Strage in Nigeria, 100 morti: sullo sfondo lotte ataviche per la gestione delle terre
Nuova strage in Nigeria: tre villaggi completamente rasi al suolo, con almeno 100
vittime, nello Stato di Kaduna. Gli assalitori hanno messo a ferro e a fuoco i villaggi
a maggioranza cristiana, ma figurerebbero tra le vittime anche dei musulmani. La polizia
non ha attribuito ancora la paternità del massacro, ma alcuni degli scampati hanno
puntato il dito contro i pastori di etnia Fulani o Haussa, rivali da sempre della
popolazione nei villaggi per ciò che riguarda il controllo dei pascoli. Dunque, la
Nigeria, oltre alla campagna di terrore scatenata dagli estremisti islamici, fa i
conti in questo caso con antiche lotte etniche per la gestione delle terre. Veronica
Giacometti ha chiesto un commento ad Anna Bono, docente di Storia dei Paesi
e delle istituzioni africane all’Università di Torino:
R. – Raid molto
violenti hanno raso al suolo e ucciso decine di persone, il che si inserisce in un
continuum di conflitti tra tribù che si scontrano – questo purtroppo succede da decenni,
anzi da secoli – per il controllo delle scarse risorse economiche: pascoli, terre
fertili e le sorgenti.
D. – Oltre alle violenze degli estremisti islamici,
che vorrebbero trasformare la Nigeria in una repubblica islamica, bisogna fare i conti
anche con le tensioni etniche, religiose, le lotte per la gestione della terra…
R.
– E’ importante distinguere questi due fenomeni. Mentre Boko Haram – movimento islamista
più responsabile oramai di migliaia di morti in Nigeria – colpisce con un obiettivo
preciso, dichiarato che è quello di trasformare la Nigeria in uno Stato governato
dalla legge coranica, la sharia – e nel frattempo costringere il più possibile
la maggior parte dei cristiani che vivono nel nord a maggioranza islamica a ritornare
negli stati meridionali – qui, invece, eravamo in presenza di uno scontro tra vicini
per il controllo di risorse economiche preziosissime, che diventa più importante quando
si scontrano popolazioni dedite all’agricoltura e alla pastorizia, perché sono due
sistemi economici molto diversi con esigenze diverse.

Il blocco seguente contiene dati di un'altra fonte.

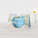Welt-Globus mit medizinischer Gesichtsmaske in Wolken zum Nachdenken
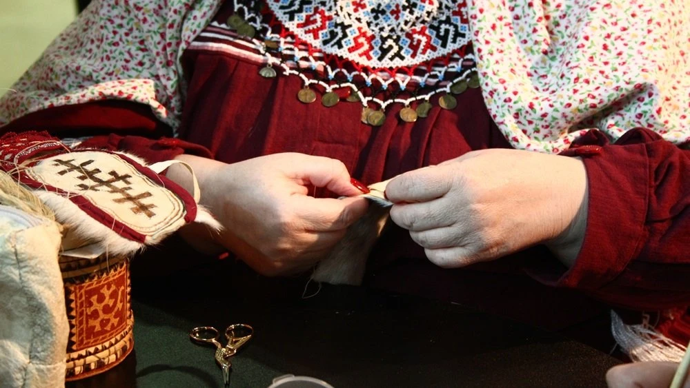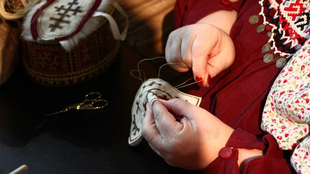 "For example, the pattern that we call 'hare's ears', and elsewhere known as 'deer antlers', actually belonged to our greatest goddess, Kaltash. Women apply it so that the family line continues and so that the children are safe. And if it is a bird — it symbolises spring and a connection with heaven. That is why there are many birds on clothing. Also, it is very important to understand that every craftswoman puts something of her own into the pattern: in one family, it might be, for example, deer antlers, while in another — a cedar cone. So, there is a lot of personal, family meaning here," Yelena Fedotova explained and demonstrated.
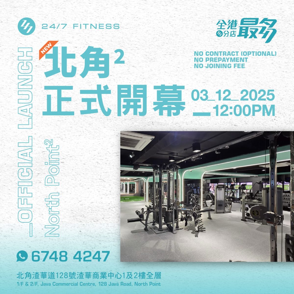 24/7 FITNESS北角第二分店今日正式開始運作,為大家提供多一個方便、可靠的健身選擇。

D. – Quale potrebbe essere
un argine per queste lotte di vario tipo che si susseguono…
R. – In tutti e
due i casi, quello che servirebbe sarebbe una crescita economica, o meglio ancora,
uno sviluppo economico ed umano, perché la Nigeria cresce economicamente, anzi è il
primo produttore di petrolio di tutta l’Africa. Però, questa immensa ricchezza da
decenni non si traduce in miglioramenti, sviluppo economico e, sottolineo, sviluppo
umano. Basti pensare che circa il 70% della popolazione nigeriana tuttora vive con
meno di due dollari al giorno. Le violenze perderebbero in gran parte ragione d’essere
se migliorassero le condizioni economiche di un Paese che – è importante sottolinearlo
– continua a essere in mano a una classe dirigente, una classe politica, che ha per
caratteristica livelli di corruzione estremi.